ASSIGNED TASK: Make an exact transcript of the lines in the data below, starting with the one containing "Di una presunti" and going on through the one containing "瑞财经 王敏近日,国家金融监", with both included and the pictures left out.

(Excerpts from a dataset)
------------------------
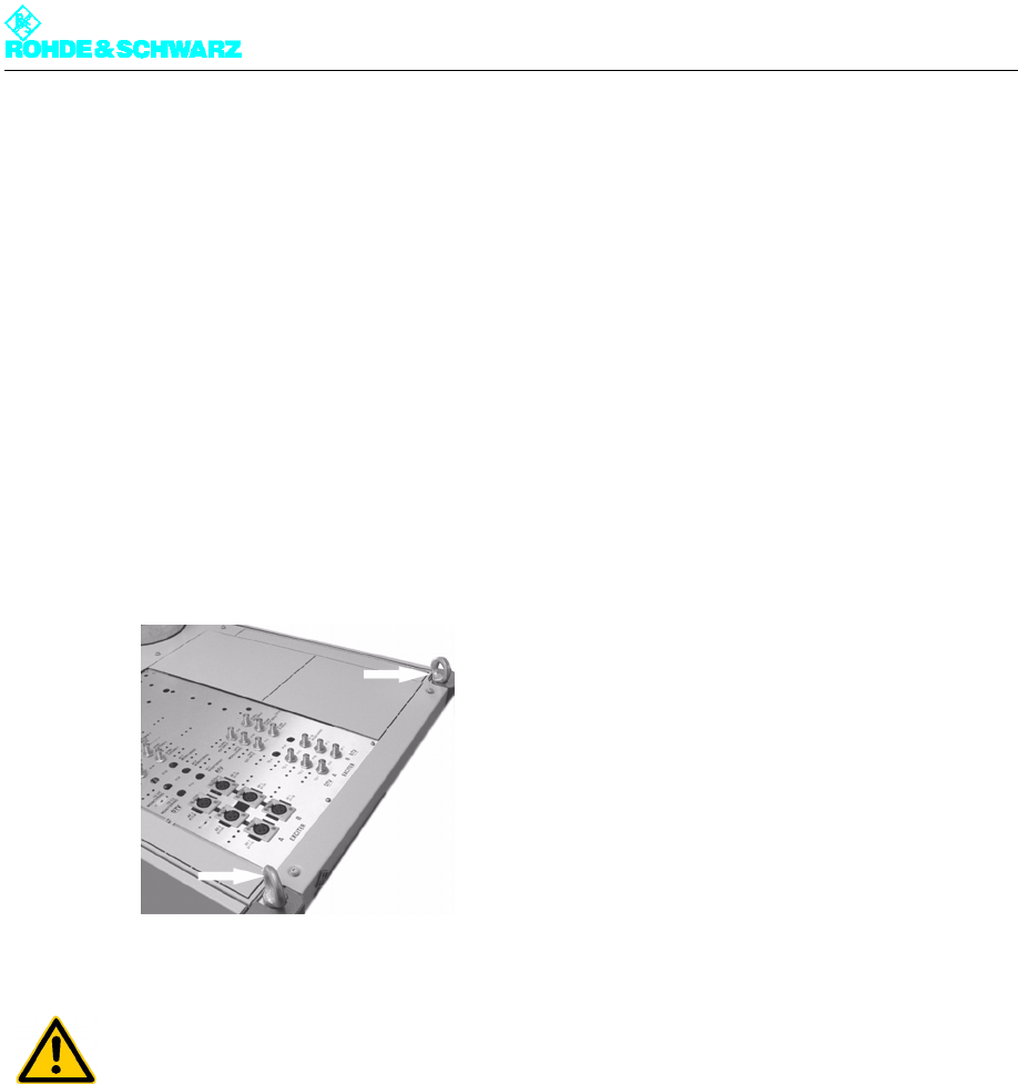 The transmitter rack can be set up using lift equipment (crane). The roof of the rack has lift
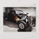 A dark and gritty street shot of a souped up hot rod glinting in the sun and casting deep shadows on the pavement in a dirty downtown area. Shiny chrome pipes and exhaust stand out against the rich black paint, with a fiery red, orange and yellow burning flame paint job on the door. Chopped narrow windows makes it look extra gangsta.
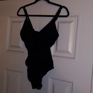 A slimming, wrap-front panel and scoopback design add allure to this classic one-piece swimsuit. NWOT- pantyliner is still attached.
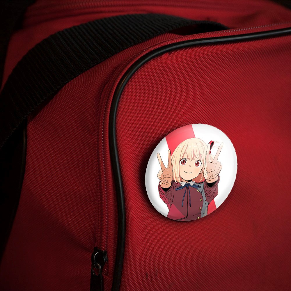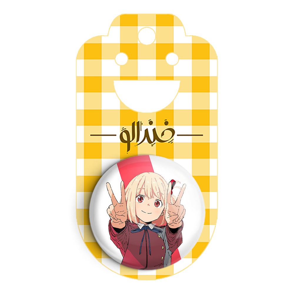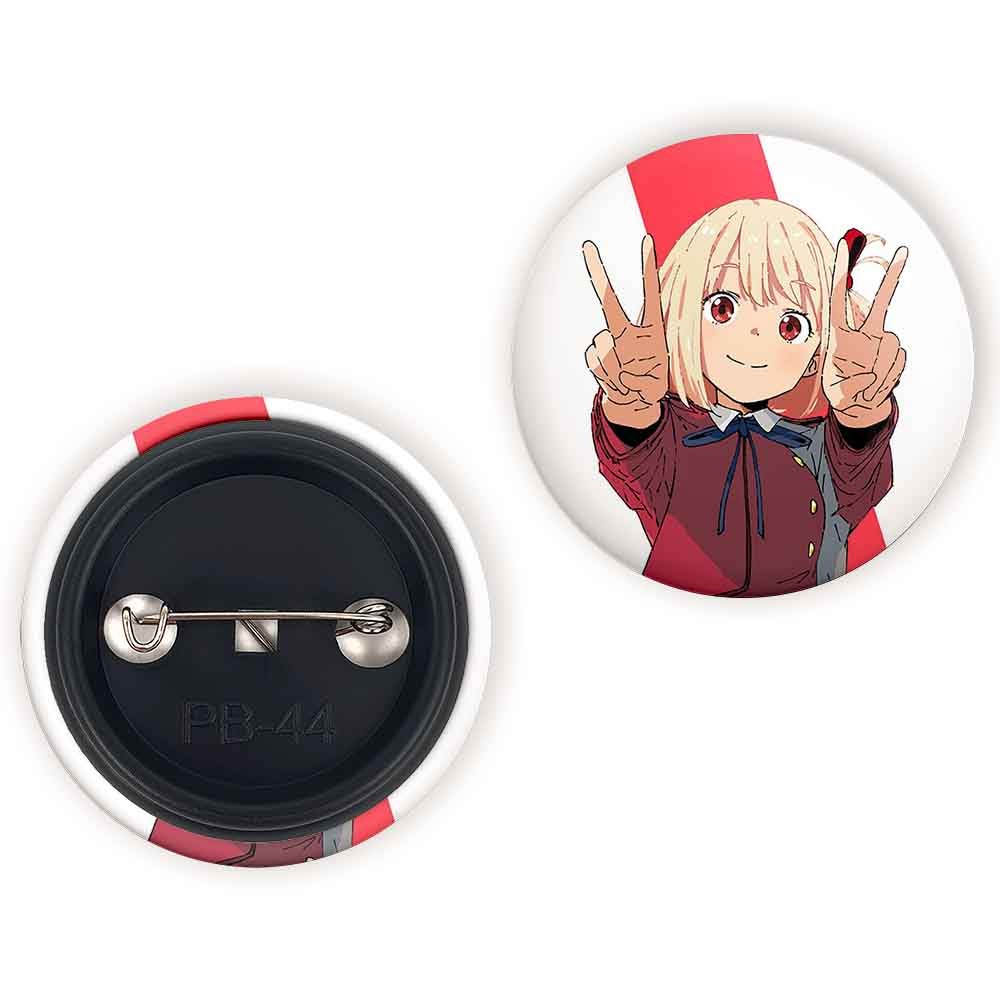 پیکسل 44 میلی متری چیساتو انیمه لیکوریس ریکویل Lycoris Recoil خندالو با روکش سلفون حرارتی مات مخملی ضدخش و قطعه پشتی رنگی تولید شده است.پلاستیکی پشت پیکسل با سوزن یک تکه ثابت و بدون لغزش و جا به جایی، ایستایی بسیار بهتری نسبت به پشتی فلزی پیکسل دارند که این مهم در تولید این محصول نیز رعایت شده است.
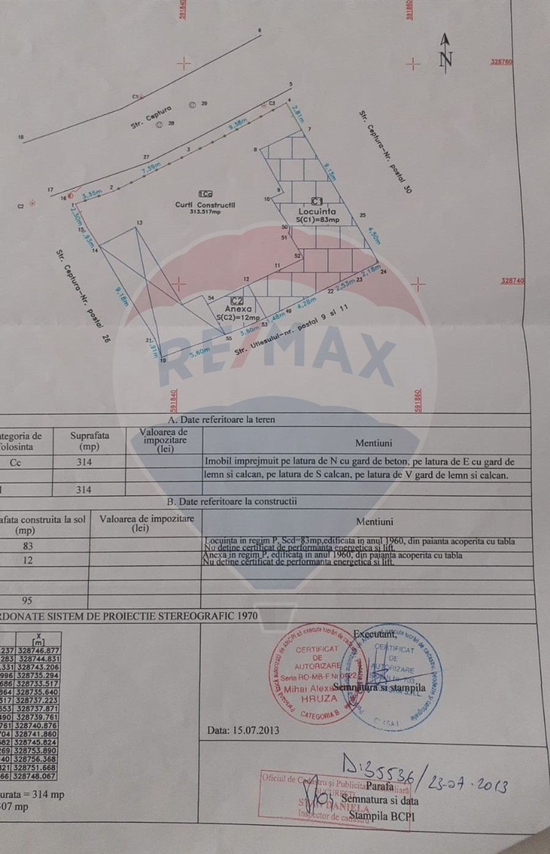 Pe amplasamentul in cauza se afla contruita si o casa si anexa cu suprafata de 83mp casa si respectiv 12 mp anexa. Locuinta este regim parter P cu suprafata construita de 83 mp edificata in anul 1960, este din paianta acoperita cu tabla.
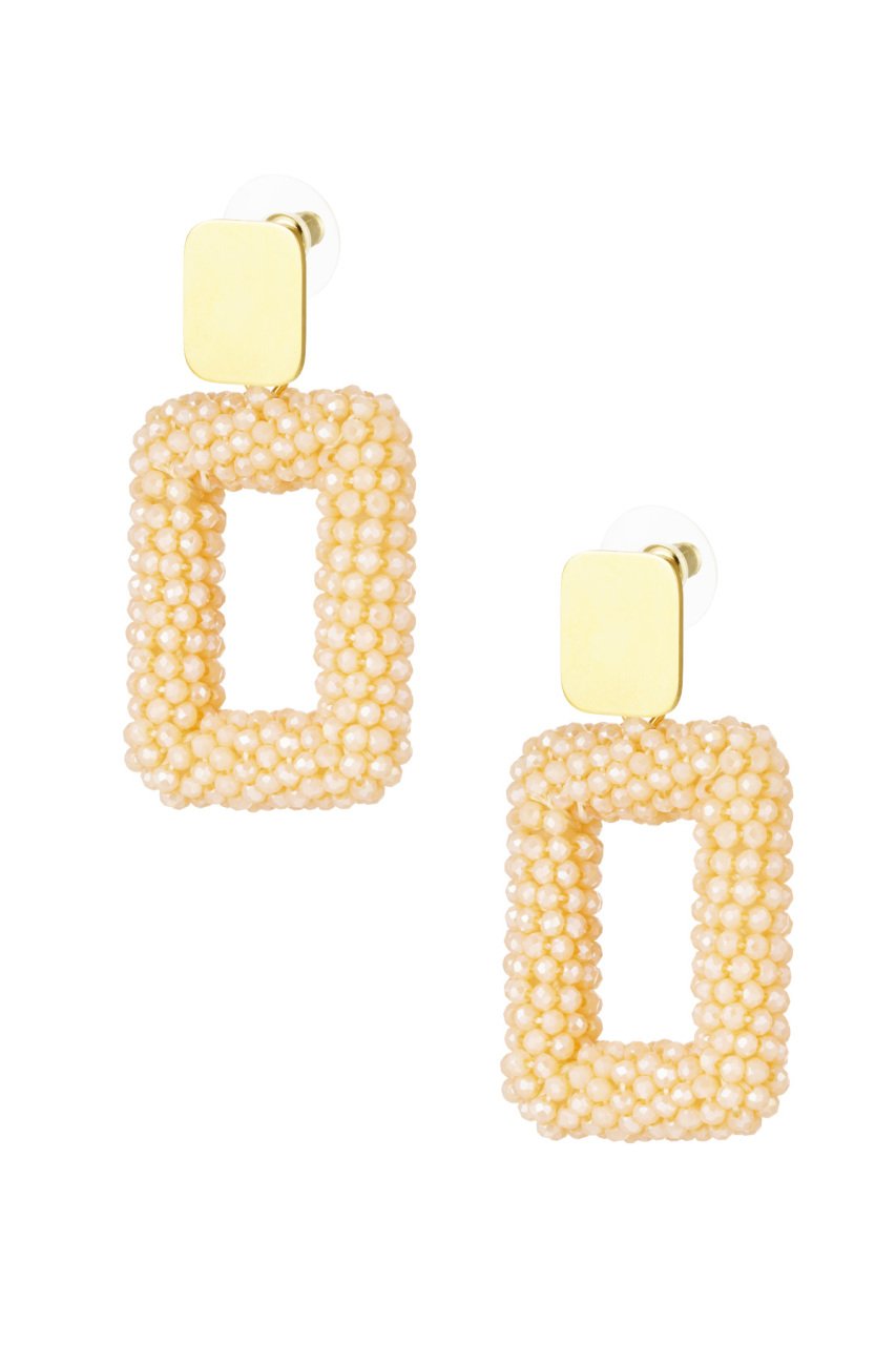 Hoe leuk zijn deze rechthoekige oorbellen met glaskralen? Deze oorbellen geven een extra touch of color aan je outfit.Materiaal: Stainless... Read more
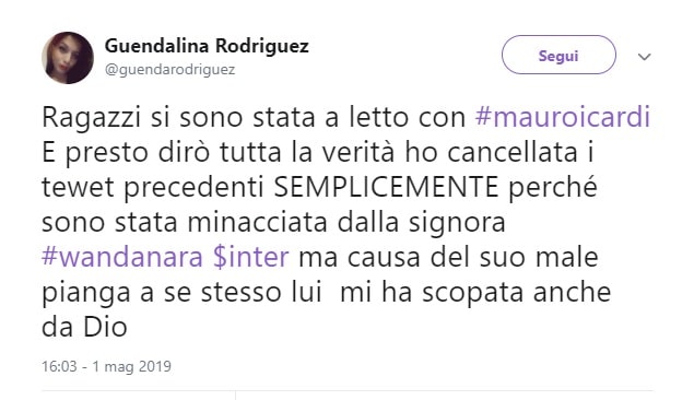 Di una presunti rapporti con Icardi invece la Rodriguez ha parlato in un tweet del 1° maggio. “Ragazzi sono stata a letto con #mauroicardi. E presto dirò tutta la verità ho cancellato i tweet precedenti semplicemente perché sono stata minacciata dalla signora Wanda Nara ma chi è causa del suo male pianga a se stesso. Lui mi ha sc… anche da Dio”.
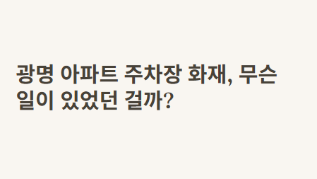 어제 저녁, 경기도 광명시 소하동에 있는 한 아파트 주차장에서 불이 나면서 정말 많은 사람이 다쳤대. 7월 17일 밤 9시쯤, 1층 주차장 천장에서 갑자기 불이 났는데, 몇몇 주민들은 “가스 폭발처럼 소리가 쾅쾅 났다”고 했어. 이게 그냥 불이 아니라 차량 폭발로 이어지면서 상황이 더 심각해졌다고 하더라.
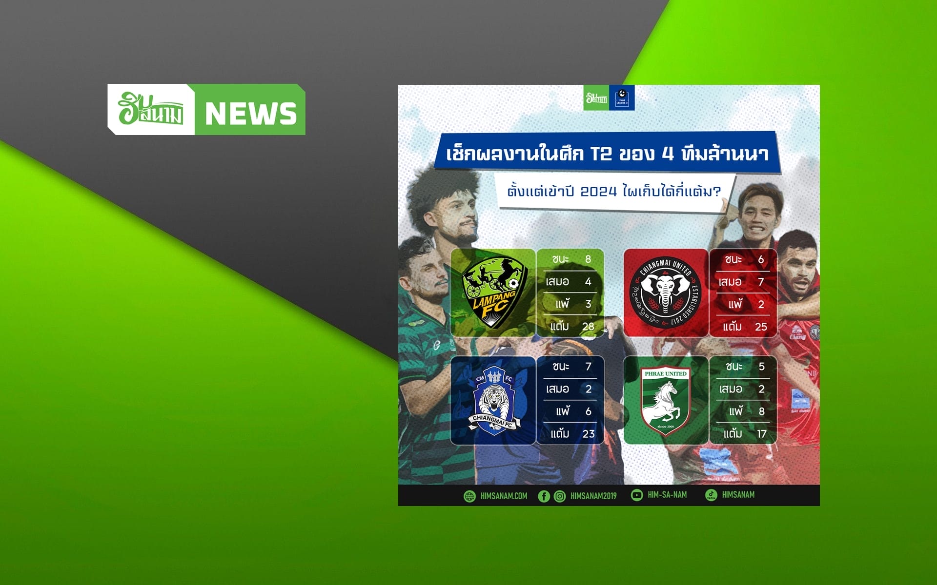 เช็กผลงานในศึก T2 ของ 4 ทีมล้านนา
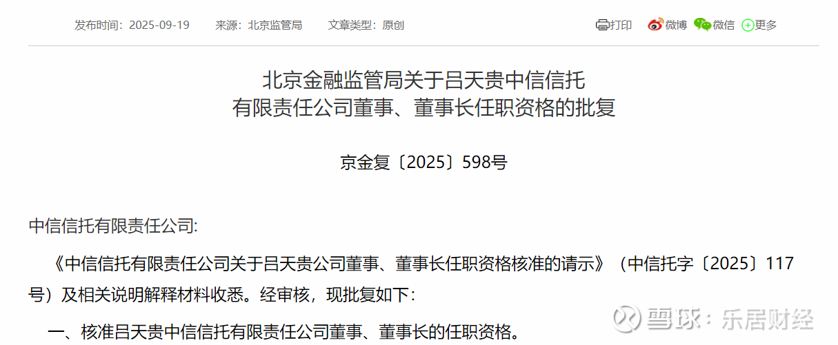瑞财经 王敏近日,国家金融监督管理总局北京金融监管局发布公告,批复同意中信信托有限公司董事长吕天贵的任职资格。
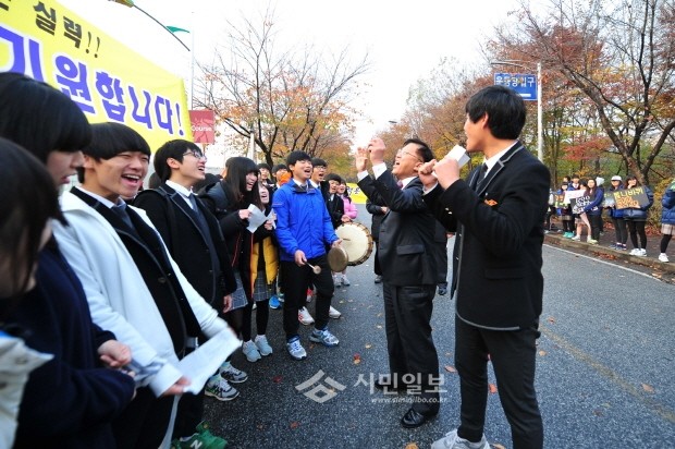 [시민일보]2014학년도 대학수학능력시험일인 7일 김춘석 여주시장은 오전 7시20분부터 수능시험이 치러지는 여주중, 세종중, 세종고, 여주고 등을 차례로 방문해 후배 학생들, 학부모들과 함께 수험생을 응원했다. 사진은 김 시장과 후배 학생들의 응원모습.
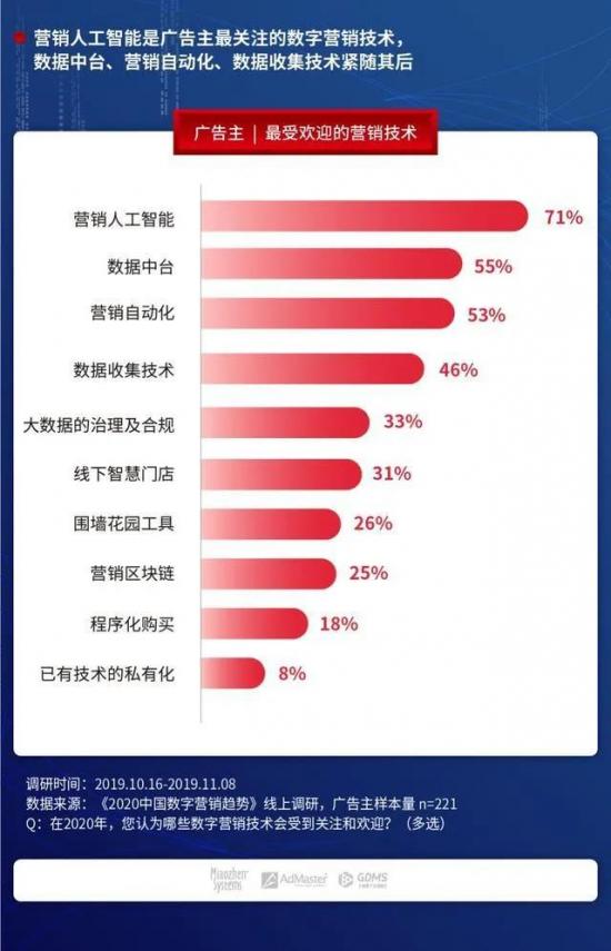 当前,人工智能技术在营销各环节和场景中不断渗透,数年技术积累已经被广泛认可。AI的加持,使得广告业能够更好地匹配当下的市场需求,另一方面也引发广告主需求、用户诉求产生新的变化,一个好的迹象是,广告主在AI+营销方面的预算正在逐渐增高——国际知名咨询及分析机构Forrester不久前发表全球性调研报告,认为全球55%的营销决策者在未来会增加营销科技方面的预算。此外,去年12月,全球数字营销峰会(GDMS)发布的《2020中国数字营销趋势》显示,2020年营销人工智能将成为最受广告主欢迎的数字营销技术:
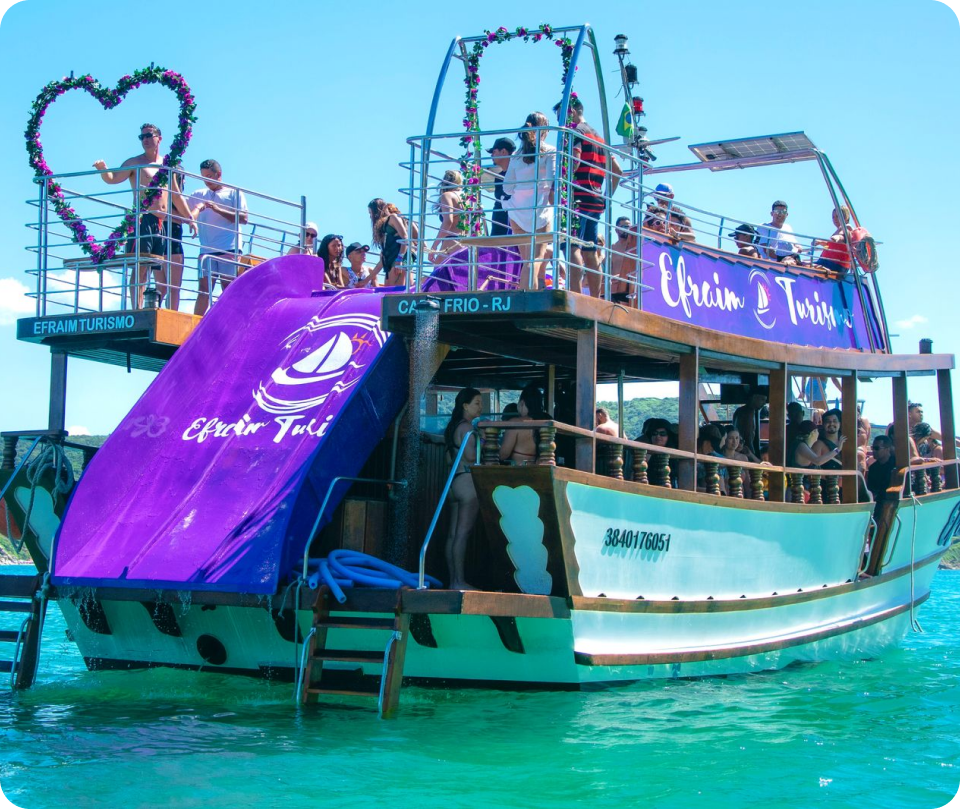Embarcação completa de 2 andares com toboágua, banheiros e bar a bordo. Tripulação experiente.
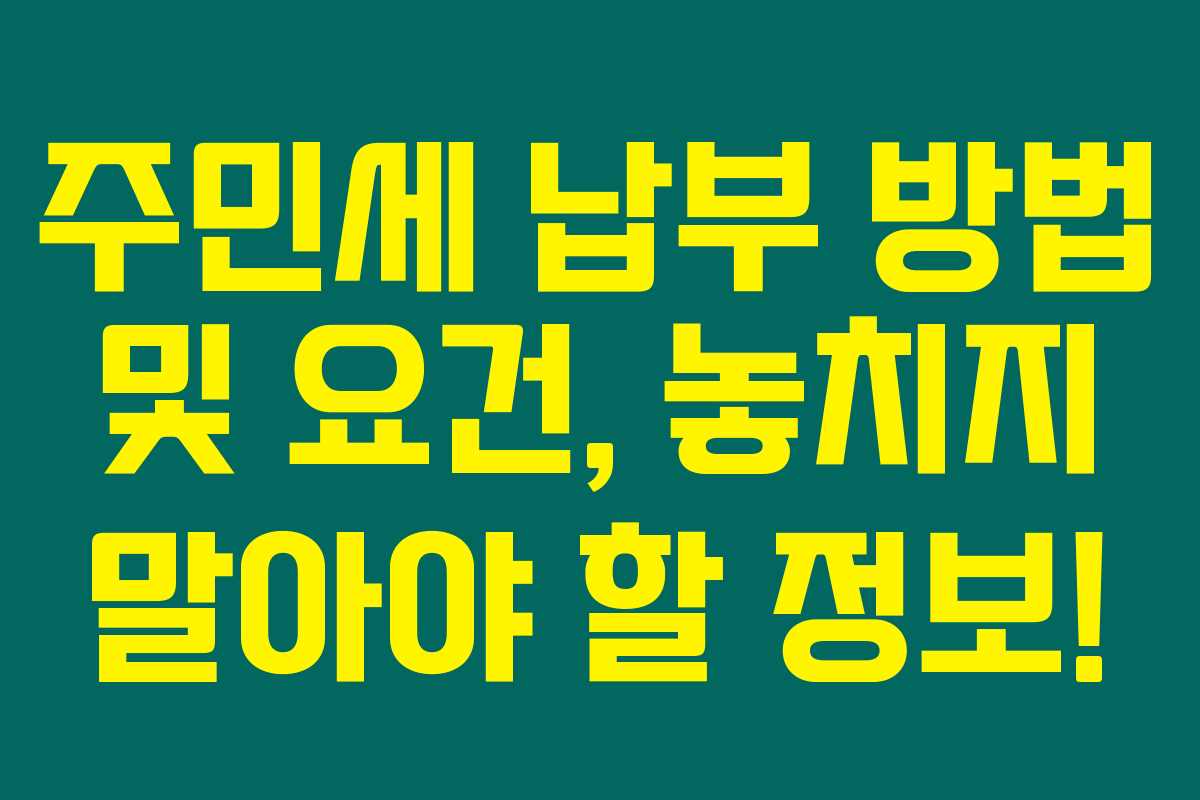 주민세를 어떻게 납부해야 할지 고민 중이라면, 아래를 읽어보시면 주민세 납부 요건과 방법에 대한 정보를 한 눈에 정리할 수 있어요. 주민세 납부는 지역사회와 우리 동네 발전을 위해 꼭 필요한 의무이니, 놓치지 말고 확인해보세요!
------------------------
RESPONSE AREA:
 Di una presunti rapporti con Icardi invece la Rodriguez ha parlato in un tweet del 1° maggio. “Ragazzi sono stata a letto con #mauroicardi. E presto dirò tutta la verità ho cancellato i tweet precedenti semplicemente perché sono stata minacciata dalla signora Wanda Nara ma chi è causa del suo male pianga a se stesso. Lui mi ha sc… anche da Dio”.
 어제 저녁, 경기도 광명시 소하동에 있는 한 아파트 주차장에서 불이 나면서 정말 많은 사람이 다쳤대. 7월 17일 밤 9시쯤, 1층 주차장 천장에서 갑자기 불이 났는데, 몇몇 주민들은 “가스 폭발처럼 소리가 쾅쾅 났다”고 했어. 이게 그냥 불이 아니라 차량 폭발로 이어지면서 상황이 더 심각해졌다고 하더라.
 เช็กผลงานในศึก T2 ของ 4 ทีมล้านนา
瑞财经 王敏近日,国家金融监督管理总局北京金融监管局发布公告,批复同意中信信托有限公司董事长吕天贵的任职资格。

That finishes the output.